For the doubting Thomases over possible disappearance of elephants in our lifetime, they need to realize that the world and Tanzania in particular, lost not long ago the dinosaur which was actually bigger than the elephant.

The question we need to honestly ask ourselves is: If the dinosaur disappeared (the remains of the known living one in the world having come from somewhere in the southern eastern part of Tanzania and now stored in Berlin) what would stop elephants from the Selous Game Reserve from disappearing also if in a period between 1976 and 2016 (which most of the present generation has witnessed and lived through), 90 per cent of elephants were lost through human action, poaching?

In conclusion, poaching does not only destroy tourism, but also the country’s ecosystem, which means Tanzanians’ own life and their livelihood.

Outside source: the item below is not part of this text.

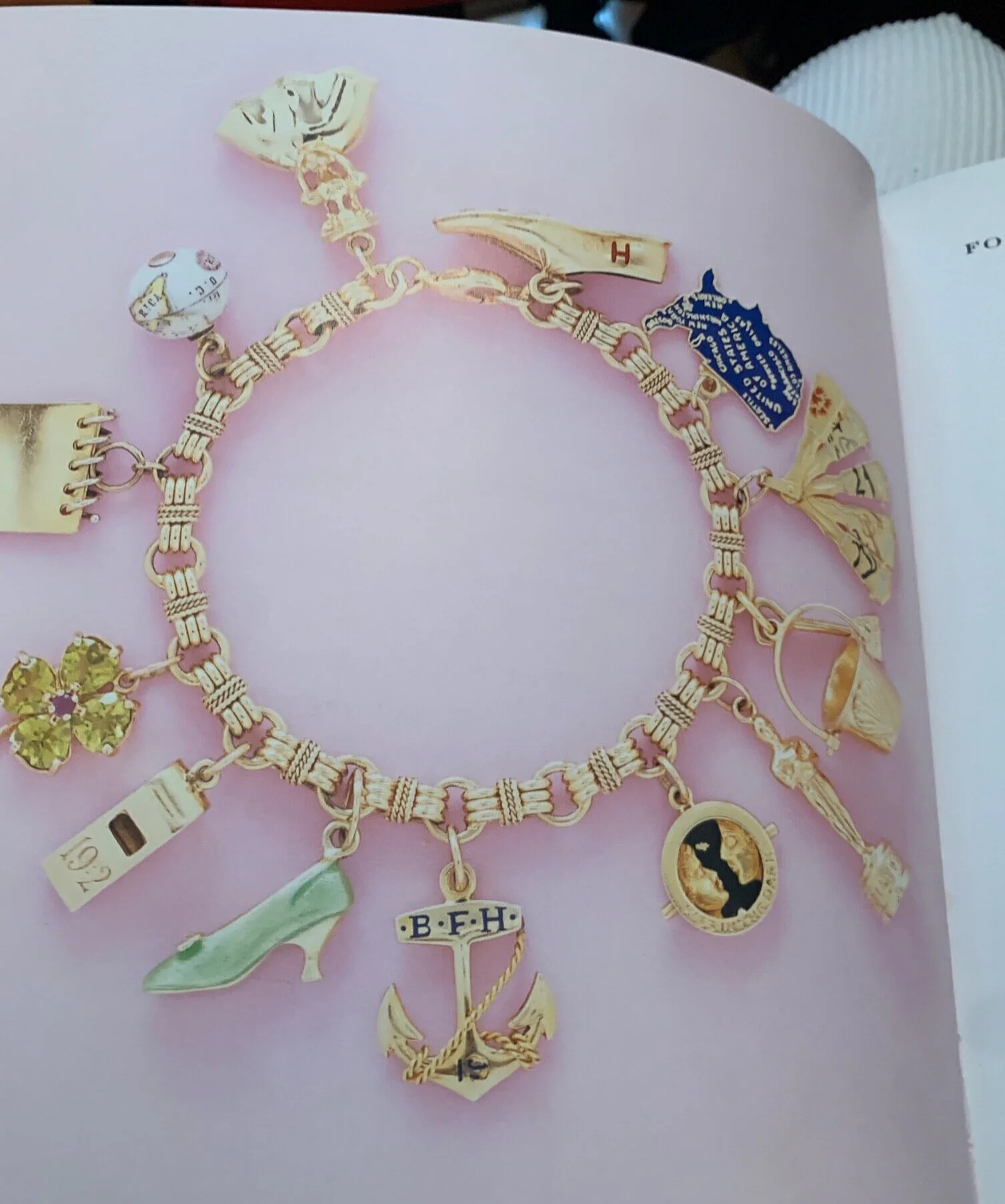 5. Charms. I had the most wonderful charm bracelet for a long time. Here’s a photo. It disappeared more than 10 years ago, and I am heartbroken. But, charms are such a wonderful memento of one’s personal history. I made one for each of my female exhibits ™ as well. I still collect them intermittently, now to hang them around my neck on a chain. Each one tells a story.
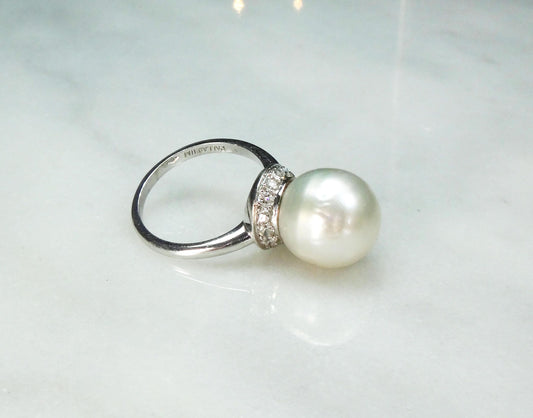 Vintage Palladium South Sea Pearl Ring: Diamond Halo, Bridal Statement

For those who have transformed themselves into slaves of products from ivory, including countries which during day time they claim to be Tanzania’s friends and come night, they go for the country’s elephants for its ivory, countries which have produced mega factories for processing ivory into various products, they need to consider the following: What would become of the human race in this planet called Mother Earth if all trees and vegetation were wiped out through the depletion of elephants and other wild animals, hence robbing the world of one of the most important sources of medicine from trees and other vegetations which are presently being protected and sustained by elephants and other wild animals?